To take this a step further the account should only be given rights to execute the stored procedures necessary for running the application. Permissions from the underlying database tables and views should then be removed for the application account so that the application user (including any hackers) cannot view or modify data in a way that the application wasn't designed to do.
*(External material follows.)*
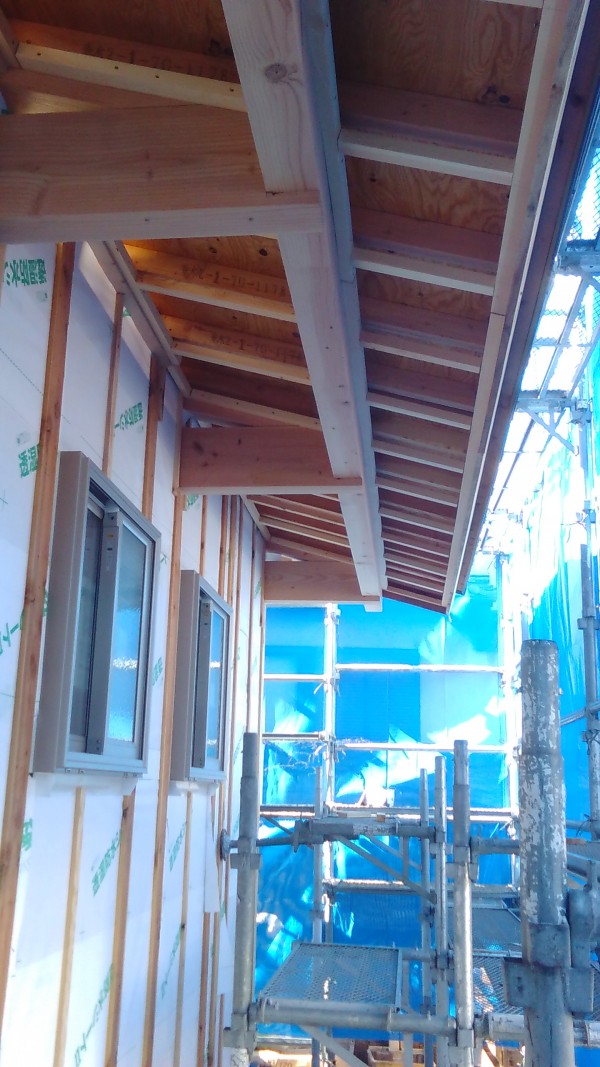これが完了しましたら早速軒天材を貼っていきます。
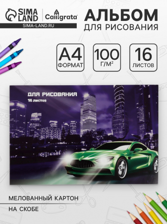 Альбом для рисования Calligrata «Авто» А4, 16 листов на скрепке, обложка мелованный картон, блок 100 г/м? (арт. 3297968)

Where possible trap your errors, notify the system administrator and then display a 'user friendly' error message. Many applications will display the error messages that help programmers to debug an application. If the hacker can view these messages then they may find out important information about your database name, table and column names. For example:
SQL Server error: Cannot find column 'SalesTotal' in table 'Customers' in 'MyDatabase'.
This example gives the hacker a huge hand in attempting a SQL injection attack. It would be better to trap the error and if necessary give a less specific but still useful error message:
Database error. Unrecognized column name.
If possible, do not store sensitive information in human readable format
Although strictly not a defense against SQL injection, it makes sense to not store sensitive information such as passwords in a human readable form. This may mean encrypting or hashing your passwords before storing them in the database. The advantage of this is that if the hacker finds a weakness and the database is compromised, they will not be able to view the passwords of your user accounts etc.
In this article we have demonstrated some techniques for helping defend against SQL Injection attacks. We can see that we can implement security measures both in the database itself (such as implementing Stored Procedures and restricting table permissions) as well as in the front end application (such as user validation and error handling). If your database supports Stored Procedures then this is the best approach to take.